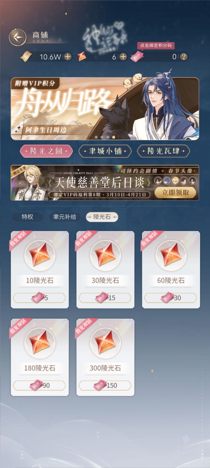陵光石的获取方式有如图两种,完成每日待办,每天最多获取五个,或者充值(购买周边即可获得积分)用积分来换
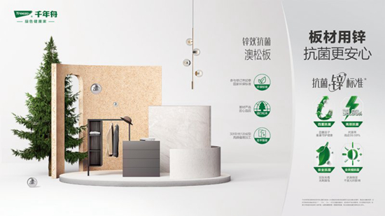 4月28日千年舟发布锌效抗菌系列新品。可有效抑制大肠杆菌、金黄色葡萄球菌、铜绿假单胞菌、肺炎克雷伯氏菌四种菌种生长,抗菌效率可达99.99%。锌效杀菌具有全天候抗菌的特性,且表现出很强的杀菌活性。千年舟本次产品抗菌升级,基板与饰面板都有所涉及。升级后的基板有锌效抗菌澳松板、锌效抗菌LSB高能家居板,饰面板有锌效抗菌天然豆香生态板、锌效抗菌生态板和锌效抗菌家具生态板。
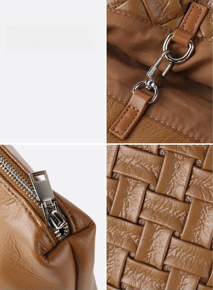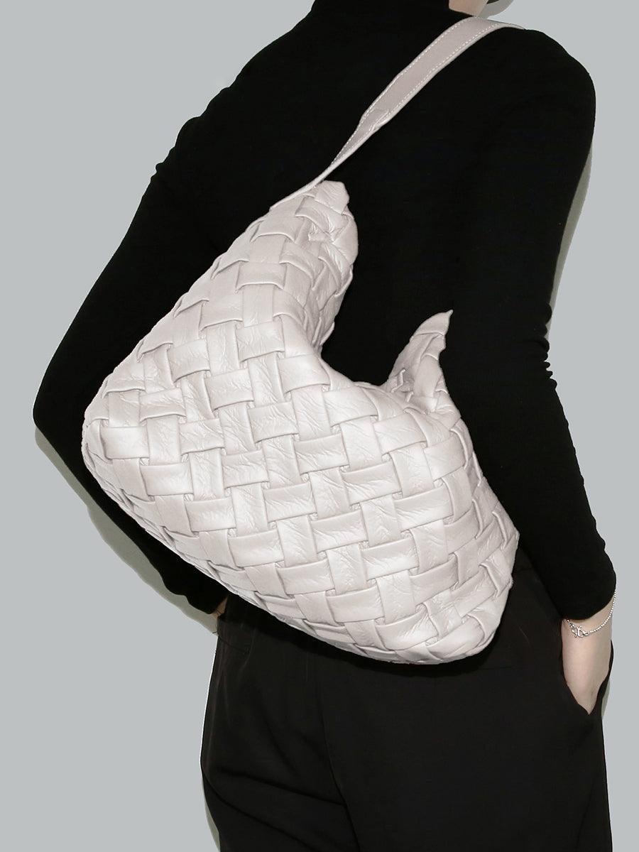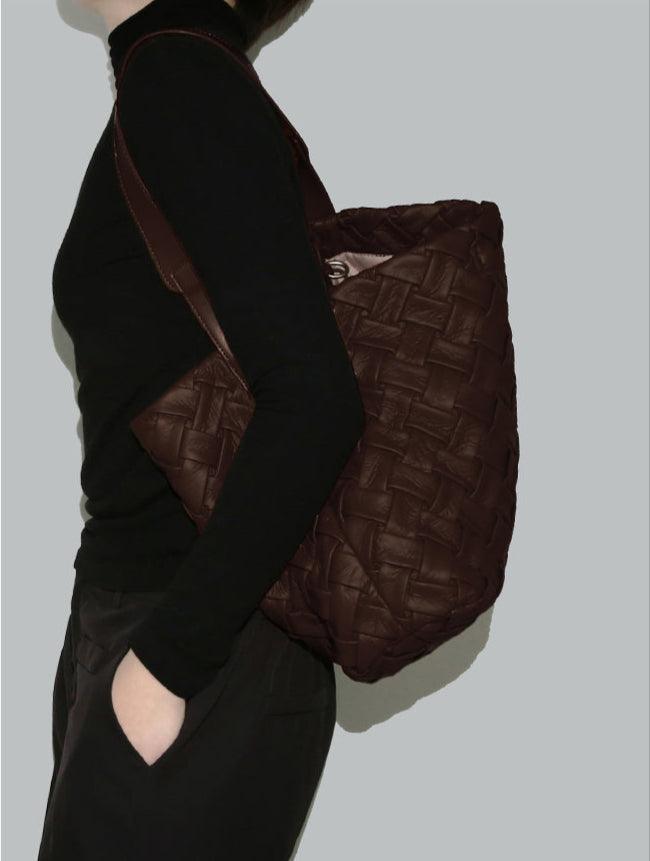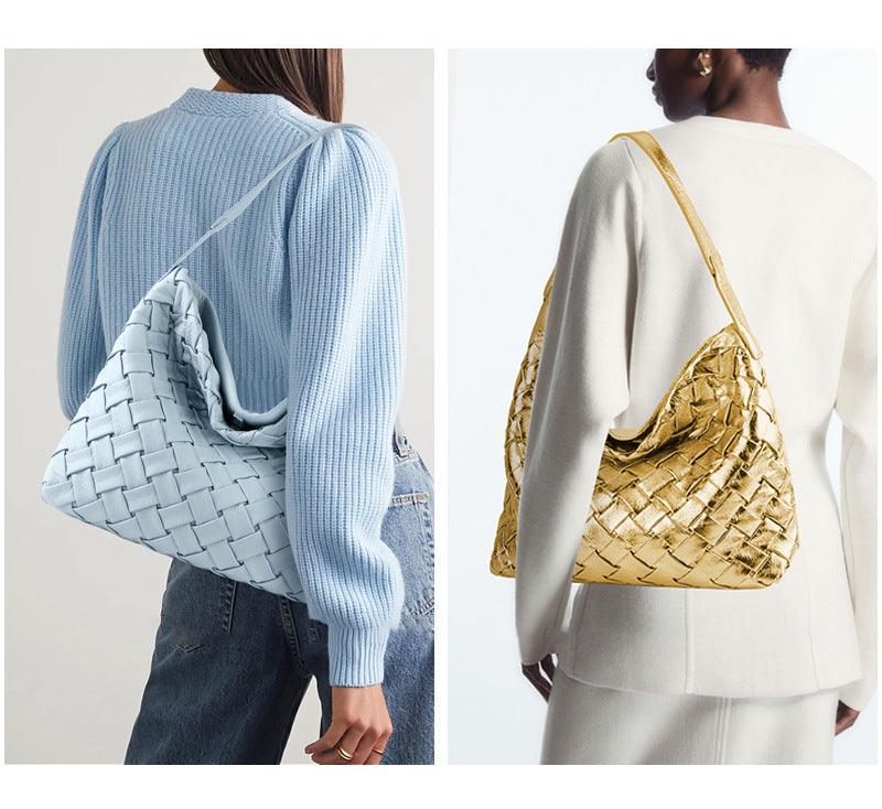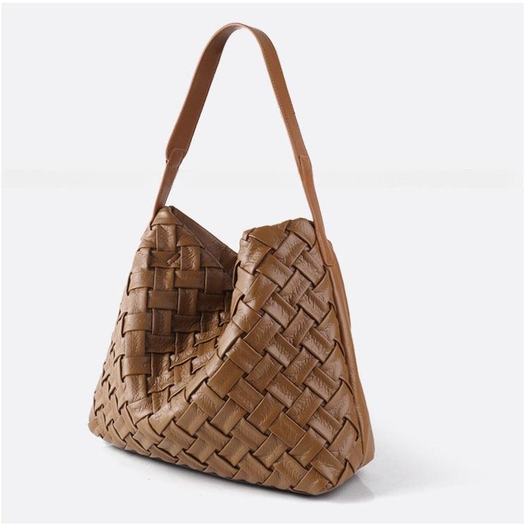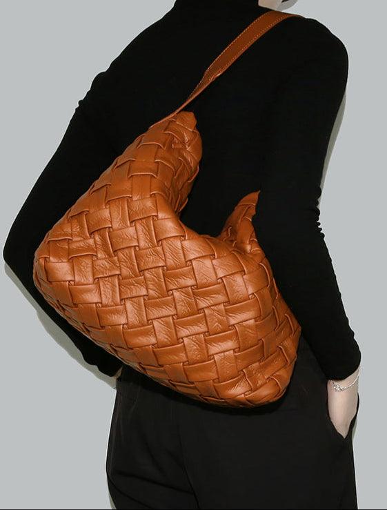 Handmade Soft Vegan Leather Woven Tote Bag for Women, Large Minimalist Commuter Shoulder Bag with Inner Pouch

| Goal of the exercise |
Give the data again exactly as written, with all pictures left out.

| Result of the exercise |
陵光石的获取方式有如图两种,完成每日待办,每天最多获取五个,或者充值(购买周边即可获得积分)用积分来换
 4月28日千年舟发布锌效抗菌系列新品。可有效抑制大肠杆菌、金黄色葡萄球菌、铜绿假单胞菌、肺炎克雷伯氏菌四种菌种生长,抗菌效率可达99.99%。锌效杀菌具有全天候抗菌的特性,且表现出很强的杀菌活性。千年舟本次产品抗菌升级,基板与饰面板都有所涉及。升级后的基板有锌效抗菌澳松板、锌效抗菌LSB高能家居板,饰面板有锌效抗菌天然豆香生态板、锌效抗菌生态板和锌效抗菌家具生态板。
 Handmade Soft Vegan Leather Woven Tote Bag for Women, Large Minimalist Commuter Shoulder Bag with Inner Pouch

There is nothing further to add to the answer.